FreshWater

by G. Thomas Watters
Freshwater mollusks include members of the Gastropoda and Bivalvia. To our knowledge, no cephalopods, chitons, tusk shells, or other groups ever invaded the freshwater environment. These invasions have happened over and over again, at different times, with different groups. The result is a hodge-podge of very unrelated animals all living in that creek in your back yard.

Freshwater snails, for example, are a mix of neritoids, cerithioids, rissoids, and others. Some are the result of marine invasions, others represent a return to an aquatic habitat by terrestrial forms. Those evolved from marine forms may retain an operculum and breathe with a gill. Those evolved from terrestrial ancestors usually lack operculae and breathe with a 'lung' comprised of mantle tissue. In North America, the more diverse groups include the Pleuroceridae, Lymnaeidae, Physidae, and Vivipariidae. Sizes range from large 'apple' snails the size of baseballs, to microscopic hydrobiids and bithyniids. Most live by grazing algae, often tenaciously clinging to stones in swift currents.

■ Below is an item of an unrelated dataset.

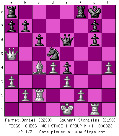 Last move : 1/2-1/2 2020 November 16 16:26:46 [Event "FICGS__CHESS__WCH_STAGE_1_GROUP_M_01__000023"] [Site "FICGS"] [Date "2020.11.05"] [Round "1"] [White "Parmet,Daniel"] [Black "Gounant,Stanislas"] [Result "1/2-1/2"] [WhiteElo "2230"] [BlackElo "2198"] 1.d4 d5 2.Nf3 Nf6 3.c4 c6 4.e3 Bg4 5.h3 Bh5 6.g4 Bg6 7.Ne5 e6 8.Nc3 Nbd7 9.Nxg6 hxg6 10.cxd5 exd5 11.g5 Ne4 12.Nxe4 dxe4 13.h4 Bb4+ 14.Bd2 Bxd2+ 15.Qxd2 Qe7 16.Qa5 Nb6 17.Rc1 O-O 18.a3 f5 19.gxf6 Qxf6 20.Rc2 Nd5 21.Bc4 Qe6 22.Rg1 1/2-1/2 Queen's pawn game Kingside Castling by player Black (move 17) This chess game ended in a draw. Follow this game move after move (download)In Chess, just as in life, today's bliss may be tomorrow's poison. (Assaic) Verschiedene, sehr schätzbare und im Laufe des Lebens nützliche Eigenschaften des Geistes können durch das Schachspiel erworben und gekräftigt werden, so dass sie zu Gewohnheiten werden, die uns nie im Stich lassen. (Benjamin Franklin) Combinaciones deslumbrantes son para la mayoría, mover madera es para los pocos. (Georg Kieninger) Toutes choses étant égales, c'est la conviction qui gagne. Alliée à une volonté de vaincre, elle sert de détonateur, suscite des idées, disperse les doutes et aide à penser clairement. (Robert Fischer) May the force be with you. (Han Solo in Star Wars ep.4)

Freshwater bivalves also are a melting pot of independent invasions. Our Recent forms include species derived from veneroids, trigonioids, mytiloids, and even cardioids. They range from the tiny fingernail clams to the massive freshwater mussel Megalonaias nervosa, which reaches a length of 11 inches and weighs several pounds. Many have evolved specialized life cycles including brooding their young and producing larvae parasitic on fishes and amphibians. Some are free-living, burrowing in the substrate with their foot. Others may possess byssal threads for some or all of their life. And a few cement themselves to objects in the manner of marine ostreids.

Freshwater species are perhaps the most imperiled group of all mollusks. Confined to narrow ranges the width of a river or creek, they are easily extirpated by ecological disasters - manmade or otherwise. Over 50 freshwater mussels are considered endangered in the United States. Perhaps another two dozen have become extinct in the last 200 years. Most of the dozens of pleurocerid snail species that inhabited the southern rivers of North America are extinct. Many freshwater mollusk species have been reduced to pitifully small populations, their continued existence at the mercy of the vagaries of nature and the ignorance of man.